III. Дарители-помощники

25. Благодарные животные

      В свете этих соображений становится понятным еще один вид дарителя, а именно благодарные животные.
      Это — комбинированный персонаж. Благодарные животные вступают в сказку как дарители и, предоставляя себя в распоряжение героя или дав ему формулу вызова их, в дальнейшем действуют как помощники. Все знают, как герой, заблудившись в лесу, мучимый голодом, видит рака, или ежа, или птицу, уже нацеливается на них, чтобы их убить и съесть, как слышит мольбу о пощаде. "Вдруг летит ястреб; Иван-царевич прицелился: "Ну, ястреб, я тебя застрелю да сырком и съем!" — "Не ешь меня, Иван-царевич! В нужное время я тебе пригожусь"" (Аф. 157). Формулы "не ешь меня", "а что попадется тебе навстречу, не моги того есть" (170) и др. отражают запрет есть животное, которое может стать помощником. Не всегда герой хочет съесть животное. Иногда он оказывает ему услугу: пташки мокнут под дождем, или кита выбросило на сушу — герой помогает им, а животные становятся его невидимыми помощниками. Можно полагать, что эта форма, форма сострадания к животному, есть форма более поздняя. Сказка вообще не знает сострадания. Если герой отпускает животное, то он делает это не из сострадания, а на некоторых договорных началах. Это видно особенно в тех случаях, когда животное попадается в сети или ловушку или в ведро героя, когда он не нацеливается в него, а когда оно поймано им, как в сказке о рыбаке и рыбке или Емеле-дураке. Здесь Емеля долго сомневается, между ним и щукой происходит диалог, Емеля не верит щуке, не хочет ее отпустить, и только после того как ведра с водой сами пошли домой, Емеля убежден в выгодности такой сделки и отпускает щуку (165).

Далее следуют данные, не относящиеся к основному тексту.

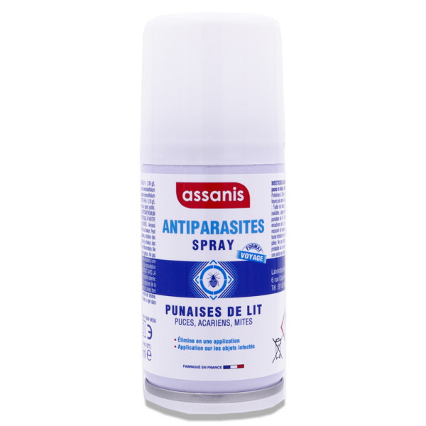 ASSANIS ANTIPARASITES SPRAY AEROSOL 75ML est en vente en ligne sur le site de votre parapharmacie à prix pas cher, conçu pour protéger les surfaces textiles contre les infestations de parasites tels que les puces, acariens, mites et punaises de lit.

      Можно показать, что рыба или другие животные, пощаженные, а не съеденные Иваном, не что иное, как животные-предки, животные, которых нельзя есть и которые потому и помогают, что они тотемные предки. "При смерти человека, — говорит Анкерман, — его душа переходит в рождающийся в этот момент индивидуум тотемного рода, и наоборот, душа умирающего тотемного животного переходит в новорожденного той семьи, которая носит его имя. Поэтому животное не должно убиваться и его нельзя есть, так как иначе был бы убит и съеден родственник" (Ankermann).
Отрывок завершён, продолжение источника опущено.